Buying a home in Philadelphia is one of the biggest purchases you’ll make. Before you shop around the market for your new house, it’s best to have a clear idea about mortgages.
First, let’s define what a mortgage is. A mortgage is a loan you apply for when buying a property. You can think of it as a means to own a house without having to pay the whole selling price upfront. Since you’re not paying the full price, mortgages allow you to make repayments over time. Most mortgages last up to 30 years, but this period can be shorter or longer depending on the type of mortgage you sign up for. After repaying your whole loan, that is when you can truly say that you own your house free and clear.
How do you apply for a mortgage?
There are many ways to sign up for a mortgage. You can either apply with a bank or a mortgage company. Once you have chosen, your lender will inquire about the type of mortgage you want and how long you prefer it to be.

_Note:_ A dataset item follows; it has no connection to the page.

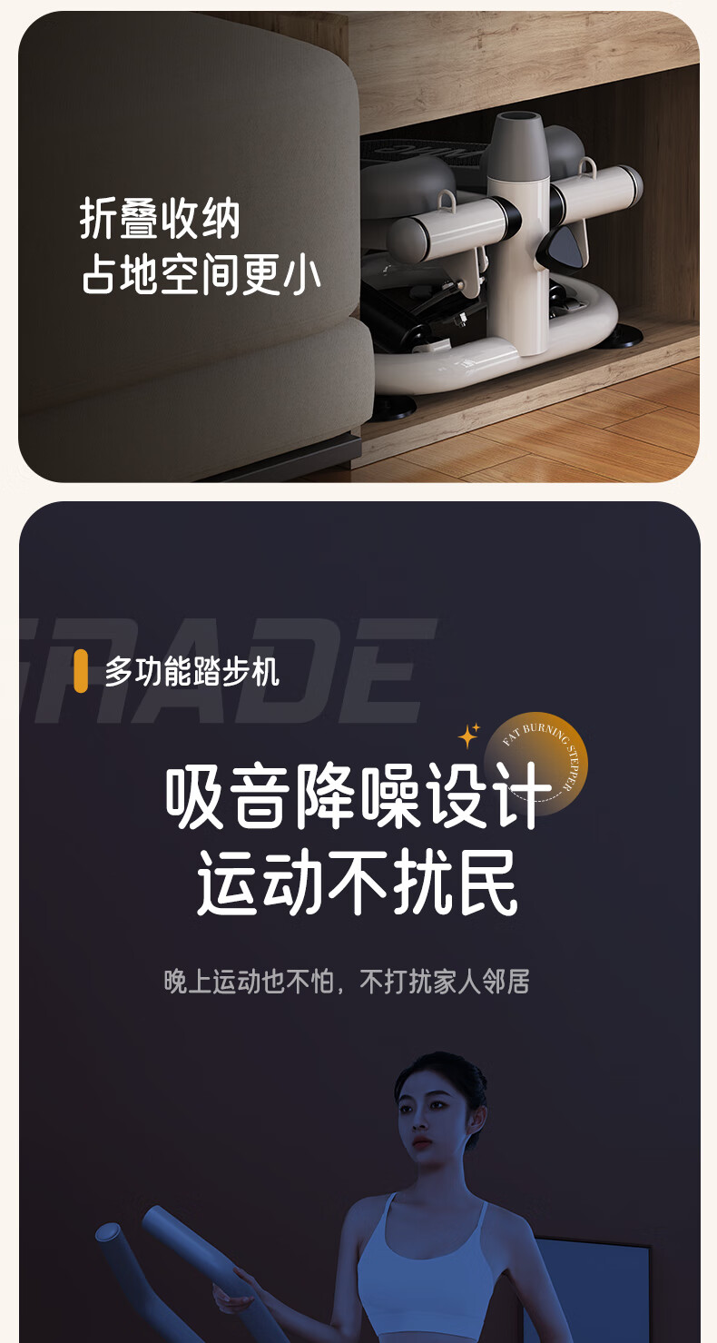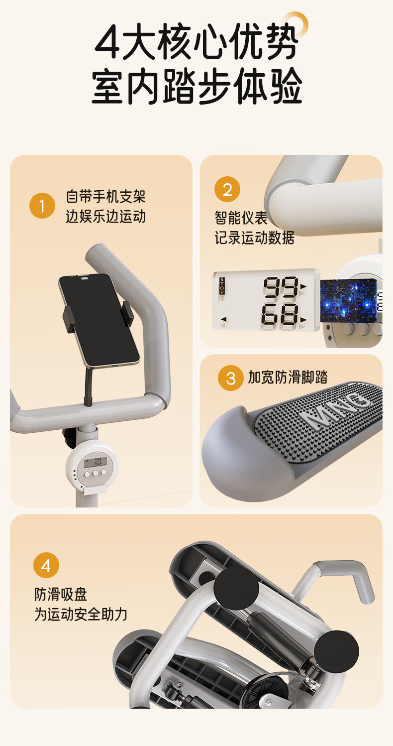 MPPMCK handrail stepper home treadmill silent weight loss in-situ mountain climbing foot pedal small sports fitness equipment stepper + anti-slip floor mat

Different lenders have their own set of requirements before they approve your application. This could include documents about your identification, income, assets, and liabilities. Lenders ask for this data as proof that you’re able to make repayments in case the interest rate goes up.
How do you get approved for a mortgage?
Aside from paperwork, you will also need to factor in your credit score. Your credit score gives the lender an overview of your spending habits. A high score translates the ability to make repayments while a low score does not. You need a score of over 600 to get approved for a mortgage. Check your credit score to know your current status. If you have a low score, you can slowly raise it by paying your bills on time and lowering your debt.
Another thing to consider when applying for a mortgage is your down payment deposit. The minimum down payment varies per lender, but on average, you will need to make a 3.5% deposit. The higher down payment you make, the lesser your mortgage loan will be in the long run.
What happens after your mortgage application is approved?
Your lender will give you a binding offer and documents which explain the terms of your mortgage. You will also get a seven-day reflection period to think about and review the implications of your lender’s offer.
Unless you’re experienced in buying property, it would be wise to work with an expert. The Ranieri Team can process your mortgage loan for you so you can move to your new home in no time.
What happens if you can’t pay your mortgage?
Your property gets foreclosed. If you can’t make payments in time, your lender will foreclose your property to settle the rest of your loan. This means that you will be evicted and your house will be put on sale. You can prevent missing mortgage payments by being aware of what you can and can’t afford. Pick out a mortgage plan that fits in with your budget so you don’t have to struggle in the future. Learning about how do mortgages work now will save you from a whole lot of trouble later on.